Task to complete
Although the records include pictures, print only the rest, exactly as written.

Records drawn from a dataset
● ● ● ●

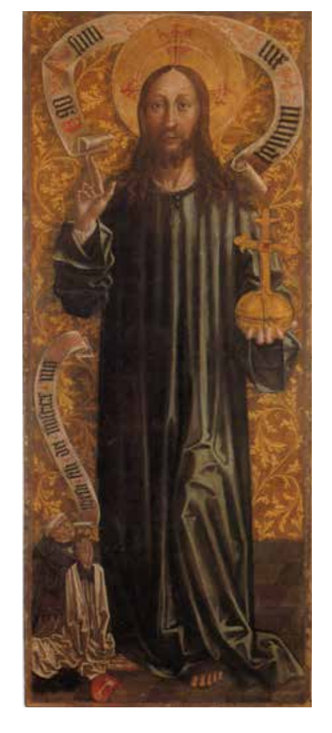
Salvator Mundi, Cathedral Museum in Cracow

The painting depicts full-figure Christ as Salvator Mundi ; its size is 232 by 93 cm and it was painted with tempera on canvas (!) without any chalk ground, only with bole ground and gold leaf in the area of Christ's halo. The painting comes from the Cracow Cathedral and is now kept in the Cathedral Museum in Cracow. It could have been a votive painting or an epitaph, as it includes a small figure of a kneeling donor: a canon with the Jasieńczyk coat of arms, with a banderole inscribed "O ihesu fili dei miserere mei". Christ holds a golden globe with a cross on its top in his left hand, and blesses with the right hand. He is dressed in a simple grey robe with long sleeves and he stands barefoot on the floor. There is a decorated cloth in the background and a banderole with an inscription "Ego sum lux mundi" around Christ's head. This extremely interesting painting has not been a subject of many publications. For a long time, it had been in a very bad condition and was not easily accessible for scholars, as, until 1979, it hung fairly aloft in
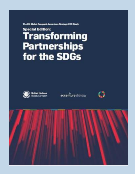
Transforming Partnerships for the SDGs
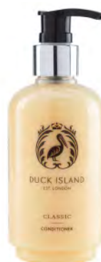
CONDITIONER CODE: C/C250
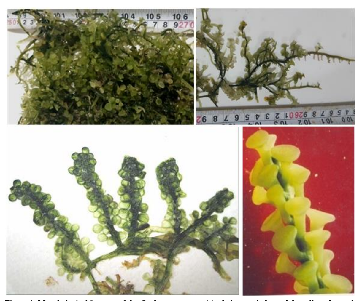
Figure 1: Morphological features of the Caulerpa racemosa (a) whole morphology of the collected samples, (b) a detailed image from erect frond shows a discoid distal end of ramuli, (c) a detailed image of erect branches shows ramuli on the herbarium sheet (as C. racemosa var. macrophya in Sohrabipour and Rabiei, 2007) and (d) a close up image from discoid ends of ramulis of the samples that morphologically already reported as C. peltata (Sohrabipour and Rabiei, 2007) and C. racemosa , var. peltata in Sohrabipour and Rabiei 1999).

and 151 were parsimony-informative characters.

● ● ● ●

Result for this exercise
Salvator Mundi, Cathedral Museum in Cracow

The painting depicts full-figure Christ as Salvator Mundi ; its size is 232 by 93 cm and it was painted with tempera on canvas (!) without any chalk ground, only with bole ground and gold leaf in the area of Christ's halo. The painting comes from the Cracow Cathedral and is now kept in the Cathedral Museum in Cracow. It could have been a votive painting or an epitaph, as it includes a small figure of a kneeling donor: a canon with the Jasieńczyk coat of arms, with a banderole inscribed "O ihesu fili dei miserere mei". Christ holds a golden globe with a cross on its top in his left hand, and blesses with the right hand. He is dressed in a simple grey robe with long sleeves and he stands barefoot on the floor. There is a decorated cloth in the background and a banderole with an inscription "Ego sum lux mundi" around Christ's head. This extremely interesting painting has not been a subject of many publications. For a long time, it had been in a very bad condition and was not easily accessible for scholars, as, until 1979, it hung fairly aloft in
Transforming Partnerships for the SDGs
CONDITIONER CODE: C/C250
Figure 1: Morphological features of the Caulerpa racemosa (a) whole morphology of the collected samples, (b) a detailed image from erect frond shows a discoid distal end of ramuli, (c) a detailed image of erect branches shows ramuli on the herbarium sheet (as C. racemosa var. macrophya in Sohrabipour and Rabiei, 2007) and (d) a close up image from discoid ends of ramulis of the samples that morphologically already reported as C. peltata (Sohrabipour and Rabiei, 2007) and C. racemosa , var. peltata in Sohrabipour and Rabiei 1999).

and 151 were parsimony-informative characters.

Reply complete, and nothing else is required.